### SUPPLIED INFORMATION
---------------

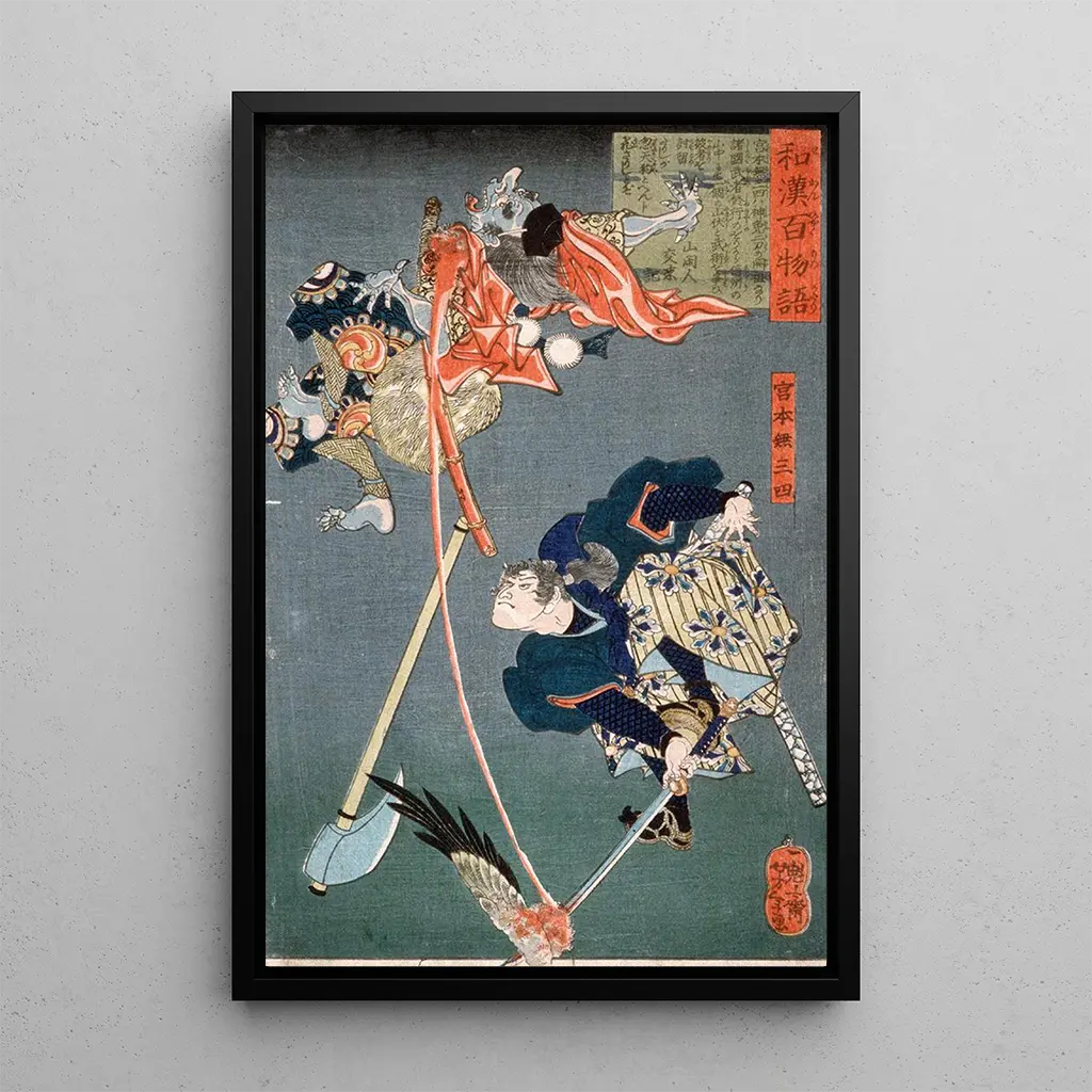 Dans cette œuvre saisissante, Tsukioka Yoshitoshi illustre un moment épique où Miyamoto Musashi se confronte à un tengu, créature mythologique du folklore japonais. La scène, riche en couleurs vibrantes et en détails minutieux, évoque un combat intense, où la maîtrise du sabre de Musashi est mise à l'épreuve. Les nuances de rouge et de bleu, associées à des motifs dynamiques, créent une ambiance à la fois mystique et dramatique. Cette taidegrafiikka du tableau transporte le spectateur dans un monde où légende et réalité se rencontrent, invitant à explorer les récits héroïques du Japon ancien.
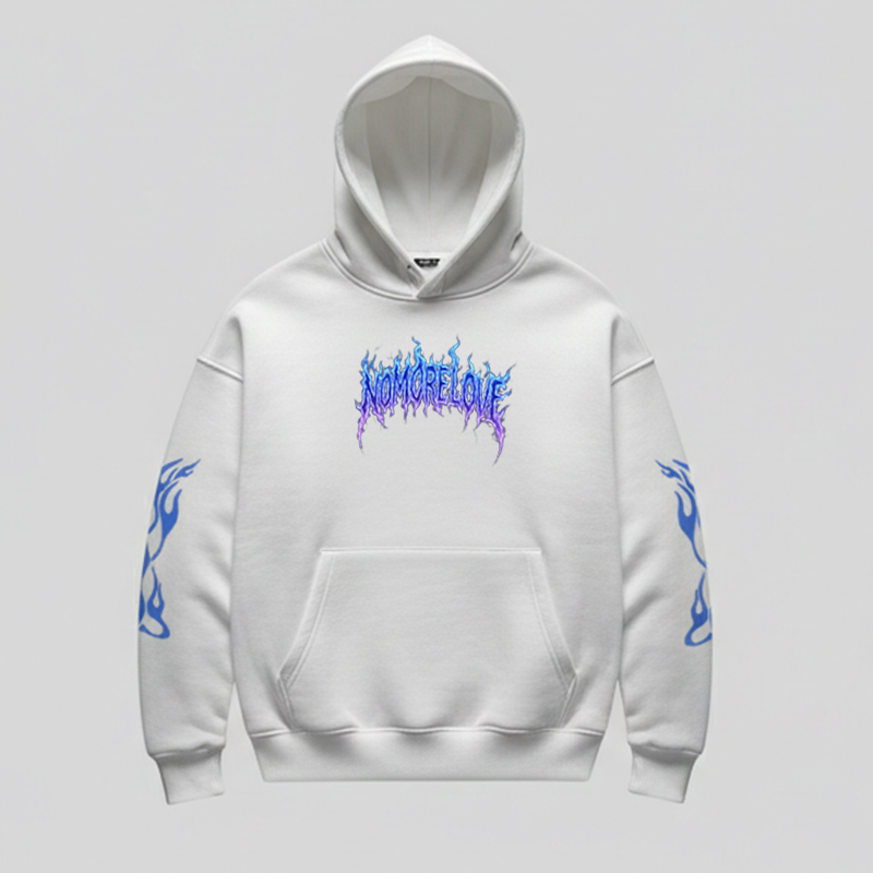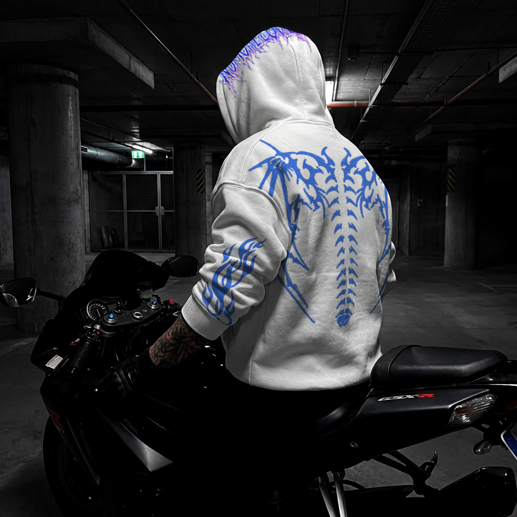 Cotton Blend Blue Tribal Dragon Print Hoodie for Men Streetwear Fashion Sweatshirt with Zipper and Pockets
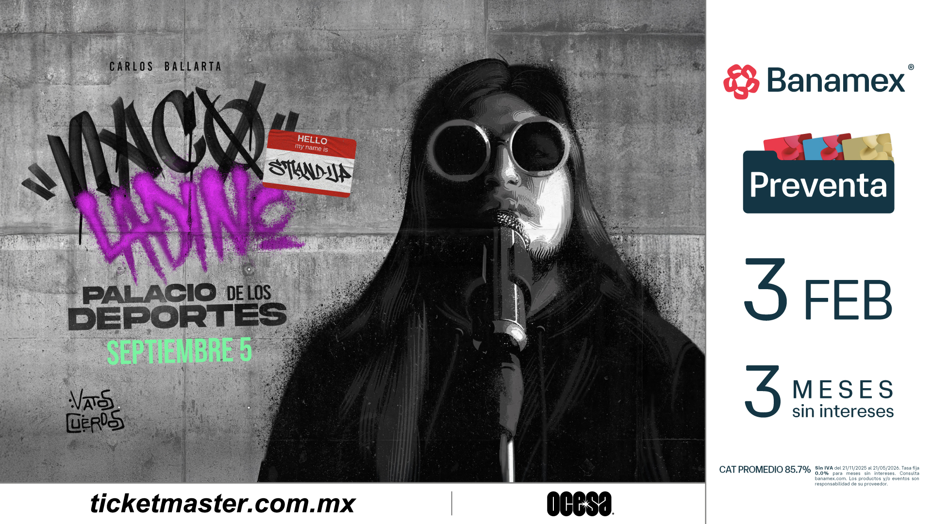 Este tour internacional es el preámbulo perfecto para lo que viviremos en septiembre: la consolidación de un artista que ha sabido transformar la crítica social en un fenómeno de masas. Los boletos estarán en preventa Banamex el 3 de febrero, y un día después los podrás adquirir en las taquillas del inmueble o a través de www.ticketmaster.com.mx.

---------------

### YOUR OBJECTIVE
To complete this exercise, repeat exactly the lines above from the one holding "Cotton Blend Blue" to the end of the listing, both included, and leave the pictures out.

### REPLY
 Cotton Blend Blue Tribal Dragon Print Hoodie for Men Streetwear Fashion Sweatshirt with Zipper and Pockets
 Este tour internacional es el preámbulo perfecto para lo que viviremos en septiembre: la consolidación de un artista que ha sabido transformar la crítica social en un fenómeno de masas. Los boletos estarán en preventa Banamex el 3 de febrero, y un día después los podrás adquirir en las taquillas del inmueble o a través de www.ticketmaster.com.mx.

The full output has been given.